Capítulo treinta y uno El demonio

De pronto, con un duro y solitario trote, doblemente sucio en una alta nube de polvo, aparece, por la esquina del Trasmuro, el burro. Un momento después, jadeantes, subiéndose los caídos pantalones de andrajos, que les dejan fuera las oscuras barrigas, los chiquillos, tirándole rodrigones y piedras.

Es negro, grande, viejo, huesudo-otro arcipreste-; tanto que parece que se le va a agujerear la piel sin pelo por doquiera. Se para, y, mostrando unos dientes amarillos, como habones, rebuzna a lo alto ferozmente, con una energía que no cuadra a su desgarbada vejez… ¿Es un burro perdido? ¿No lo conoces, Platero? ¿Qué querrá? ¿De quién vendrá huyendo, con ese trote desigual y violento?

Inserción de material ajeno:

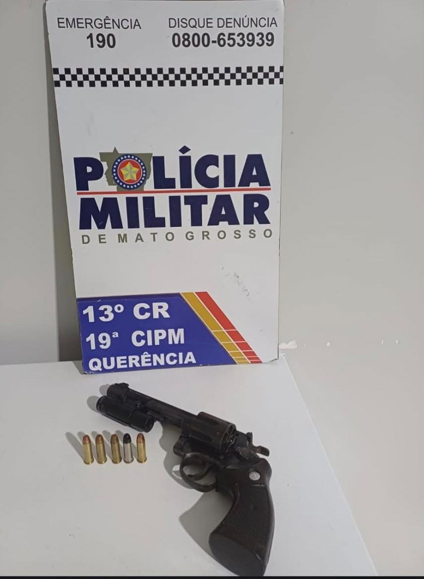 A guarnição deslocou-se imediatamente até o endereço informado e, ao realizar a abordagem, constatou a veracidade da denúncia. No interior do veículo foi localizado um revólver calibre .38, além de cinco munições.

Al verlo, Platero hace cuerno, primero, ambas orejas con una sola punta, se las deja luego una en pie y otra descolgada, y se viene a mí, y quiere esconderse en la cuneta, y huir, todo a un tiempo. El burro negro pasa a su lado, le da un rozón, le tira la albarda, lo huele, rebuzna contra el muro del convento y se va trotando, Trasmuro abajo…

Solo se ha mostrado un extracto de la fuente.